# [Problem details]
Omit all images, then repeat exactly the lines below from the one containing "记者对助班王鑫进行采访" through the one containing "NWT Sienna Sky", both ends included.

# [Supplied records]
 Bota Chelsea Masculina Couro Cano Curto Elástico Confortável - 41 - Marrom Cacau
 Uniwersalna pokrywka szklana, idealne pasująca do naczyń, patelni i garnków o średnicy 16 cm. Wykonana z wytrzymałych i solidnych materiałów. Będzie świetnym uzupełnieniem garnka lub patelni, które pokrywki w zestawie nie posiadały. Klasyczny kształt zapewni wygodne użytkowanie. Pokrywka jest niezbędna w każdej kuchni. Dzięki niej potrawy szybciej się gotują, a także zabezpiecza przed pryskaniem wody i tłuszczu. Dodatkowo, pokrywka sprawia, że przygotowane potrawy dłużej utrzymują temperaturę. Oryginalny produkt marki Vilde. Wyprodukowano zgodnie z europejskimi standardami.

* * *

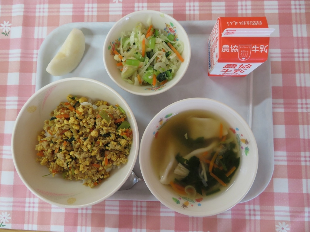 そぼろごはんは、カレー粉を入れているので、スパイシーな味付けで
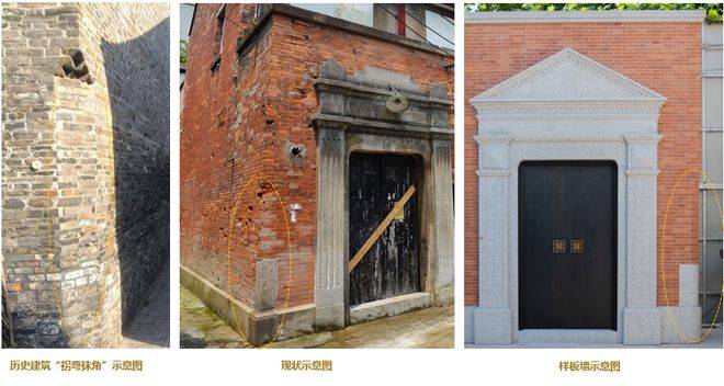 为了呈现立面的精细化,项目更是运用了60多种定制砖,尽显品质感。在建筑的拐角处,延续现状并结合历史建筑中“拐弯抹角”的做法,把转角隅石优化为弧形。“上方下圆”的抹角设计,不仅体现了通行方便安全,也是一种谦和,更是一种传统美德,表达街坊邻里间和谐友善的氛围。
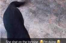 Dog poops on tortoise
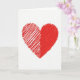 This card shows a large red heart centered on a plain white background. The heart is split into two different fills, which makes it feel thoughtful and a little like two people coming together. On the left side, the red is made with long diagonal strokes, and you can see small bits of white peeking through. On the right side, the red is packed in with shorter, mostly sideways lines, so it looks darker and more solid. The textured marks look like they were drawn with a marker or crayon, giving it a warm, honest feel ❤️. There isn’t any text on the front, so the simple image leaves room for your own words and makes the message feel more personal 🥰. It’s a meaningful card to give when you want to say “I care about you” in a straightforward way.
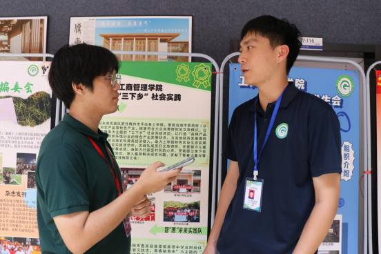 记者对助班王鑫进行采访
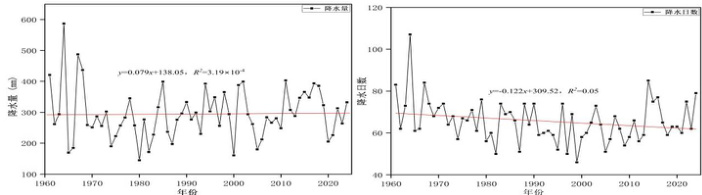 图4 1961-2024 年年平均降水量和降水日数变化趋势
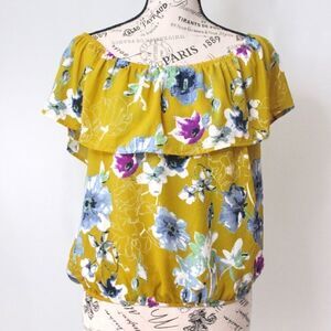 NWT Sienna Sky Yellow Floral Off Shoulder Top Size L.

* * *

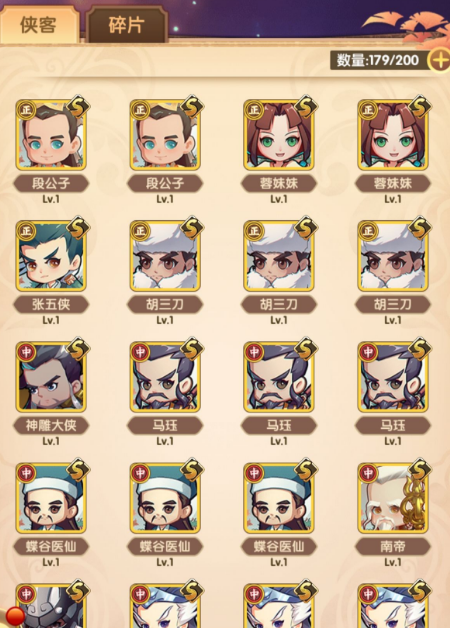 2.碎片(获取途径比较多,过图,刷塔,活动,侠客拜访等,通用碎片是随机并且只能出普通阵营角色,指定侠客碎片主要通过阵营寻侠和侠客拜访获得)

# [Exercise result]
 记者对助班王鑫进行采访
 图4 1961-2024 年年平均降水量和降水日数变化趋势
 NWT Sienna Sky Yellow Floral Off Shoulder Top Size L.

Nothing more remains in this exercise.